> **EXERCISE PROMPT**
What you return must match the data below exactly, minus any pictures.

> **DATASET ENTRIES**

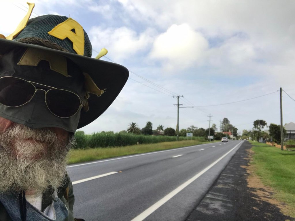 Actually first, a quick anecdote from Ulmarra – after the livestream I popped into the local petrol station to buy a sausage roll for breakfast, and the woman serving stared at me like I’d just landed from Mars (haha). It’s a sensation I’ve become quite used to, even in my post-walk life. For winter my wife brought me this bright pink scarf (as a joke) which I now insist on wearing around, along with a bracelet this lovely little girl (Phoebe) in Traralgon made for me (it’s very girly). The other day in Coles this old dude outright stared at me, with an expression of mild disgust on his face. If I could get a photo of him and the Ulmarra service station lady and overlap them, I’m sure the expressions are identical, haha.
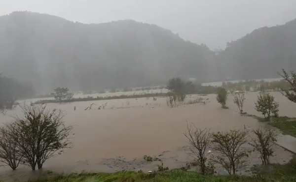 | ▲ 지난 2019년 태풍‘미탁’ 490mm 폭우에 침수 되어있는 나리분지 마을모습.김문도기자 | ||
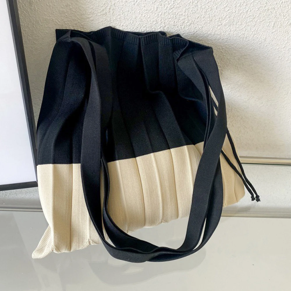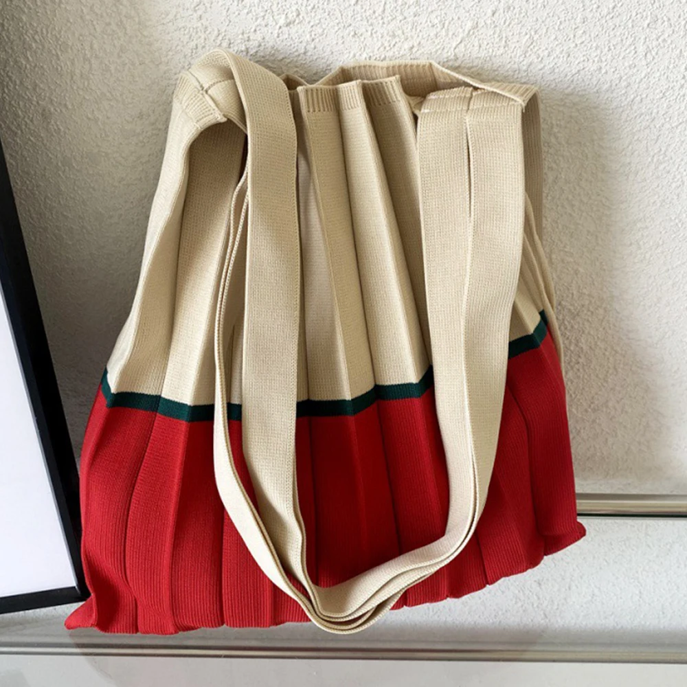 Knitted Foldable Storage Handbag Casual Large Capacity Reusable Eco Folding Shopping Tote Bags For Women Organ Pleats
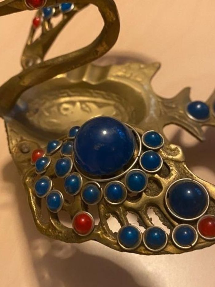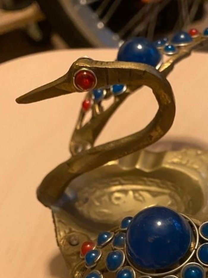 Cendrier en cuivre Cendrier de culture italienne Cendrier représentant un cygne en cuivre décoré de la culture italienne. -Longueur du cendrier : 19 cm -Largeur du cendrier : 15 cm
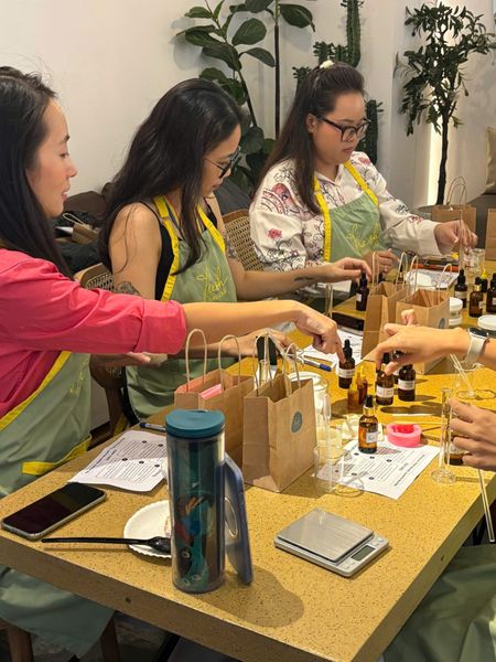 Nhân viên sẽ được học về đặc tính của từng loại tinh dầu và tự tay pha chế bình xịt phòng hoặc lăn tinh dầu trị liệu. Buổi workshop sáng tạo cho doanh nghiệp này cung cấp kiến thức thực tế về sức khỏe, giúp nhân viên giải tỏa nỗi lo hóa chất trong gia đình.
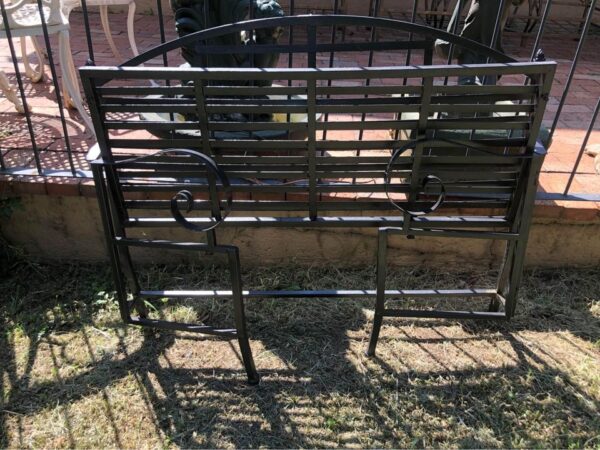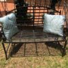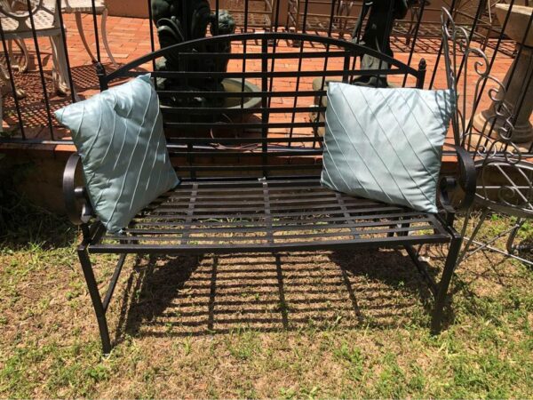 Solid wrought iron chairs with cushions. For garden or patio area. Wrought iron table frame (missing glass top) Also available for small fee Table can be tiled or glass top replaced. L210cm x W90cm x H75cm Price per chair
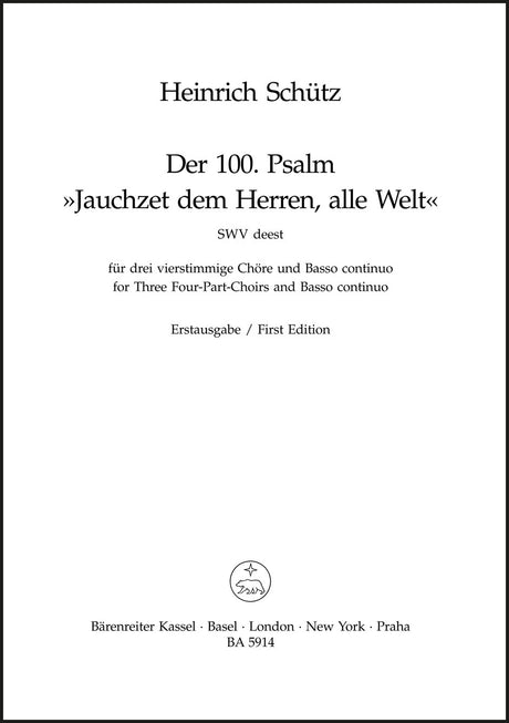 Options: Full Score, Choral Score – Psalm 100 "jauchzet Dem Herren Alle Welt“, Swv...From $ 7.75Unit price /UnavailableBärenreiter
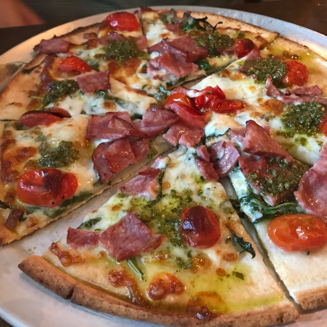 Our waitress brought me a sample of the blueberry cider from Slim Pickens Cider and Mead. (A local brewer!) I’m not normally a big cider drinker, but I couldn’t pass up blueberry. It had a nice berry flavor, but not overly sweet…. crisp. Perfect with pizza.
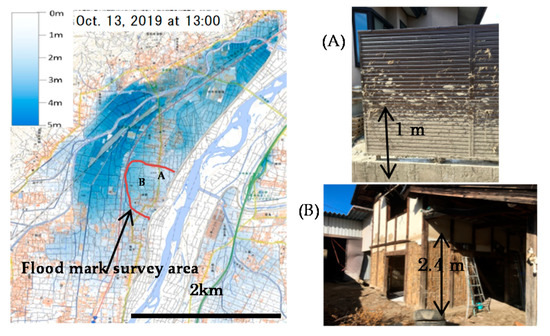 Figure 5 shows the flood hazard map prepared by the Nagano City government [30], indicating that the projected maximum inundation depth in Naganuma district could be as high as 20 m. Figure 6 shows the flood water depth distribution on 13 October 2019, produced by the Geospatial Information Authority of Japan (GSI), based on satellite images [31]. Our field survey on flood water marks left on the walls of residential houses revealed that the flood water depth in Hoyasu subdistrict, which is the main residential area of Naganuma district, varied from 1 m to 2.4 m as shown in Figure 6, which is due partially to the backwater effects of buildings. This validated the flood depth estimation of the GSI. By comparing the actual flood water depth distribution with the projected flood water depth in the flood hazard map, it appears that the inundation area matches the projection, although the water depth was lower than the projected possible maximum value. This proves that the flood hazard map for this area provided reliable information on high flood risk zones. Meanwhile, it also serves as a reminder that flood hazard maps need further improvement to provide more accurate information on inundation depths and thereby facilitate risk management.

> **EXERCISE OUTPUT**
 Actually first, a quick anecdote from Ulmarra – after the livestream I popped into the local petrol station to buy a sausage roll for breakfast, and the woman serving stared at me like I’d just landed from Mars (haha). It’s a sensation I’ve become quite used to, even in my post-walk life. For winter my wife brought me this bright pink scarf (as a joke) which I now insist on wearing around, along with a bracelet this lovely little girl (Phoebe) in Traralgon made for me (it’s very girly). The other day in Coles this old dude outright stared at me, with an expression of mild disgust on his face. If I could get a photo of him and the Ulmarra service station lady and overlap them, I’m sure the expressions are identical, haha.
 | ▲ 지난 2019년 태풍‘미탁’ 490mm 폭우에 침수 되어있는 나리분지 마을모습.김문도기자 | ||
 Knitted Foldable Storage Handbag Casual Large Capacity Reusable Eco Folding Shopping Tote Bags For Women Organ Pleats
 Cendrier en cuivre Cendrier de culture italienne Cendrier représentant un cygne en cuivre décoré de la culture italienne. -Longueur du cendrier : 19 cm -Largeur du cendrier : 15 cm
 Nhân viên sẽ được học về đặc tính của từng loại tinh dầu và tự tay pha chế bình xịt phòng hoặc lăn tinh dầu trị liệu. Buổi workshop sáng tạo cho doanh nghiệp này cung cấp kiến thức thực tế về sức khỏe, giúp nhân viên giải tỏa nỗi lo hóa chất trong gia đình.
 Solid wrought iron chairs with cushions. For garden or patio area. Wrought iron table frame (missing glass top) Also available for small fee Table can be tiled or glass top replaced. L210cm x W90cm x H75cm Price per chair
 Options: Full Score, Choral Score – Psalm 100 "jauchzet Dem Herren Alle Welt“, Swv...From $ 7.75Unit price /UnavailableBärenreiter
 Our waitress brought me a sample of the blueberry cider from Slim Pickens Cider and Mead. (A local brewer!) I’m not normally a big cider drinker, but I couldn’t pass up blueberry. It had a nice berry flavor, but not overly sweet…. crisp. Perfect with pizza.
 Figure 5 shows the flood hazard map prepared by the Nagano City government [30], indicating that the projected maximum inundation depth in Naganuma district could be as high as 20 m. Figure 6 shows the flood water depth distribution on 13 October 2019, produced by the Geospatial Information Authority of Japan (GSI), based on satellite images [31]. Our field survey on flood water marks left on the walls of residential houses revealed that the flood water depth in Hoyasu subdistrict, which is the main residential area of Naganuma district, varied from 1 m to 2.4 m as shown in Figure 6, which is due partially to the backwater effects of buildings. This validated the flood depth estimation of the GSI. By comparing the actual flood water depth distribution with the projected flood water depth in the flood hazard map, it appears that the inundation area matches the projection, although the water depth was lower than the projected possible maximum value. This proves that the flood hazard map for this area provided reliable information on high flood risk zones. Meanwhile, it also serves as a reminder that flood hazard maps need further improvement to provide more accurate information on inundation depths and thereby facilitate risk management.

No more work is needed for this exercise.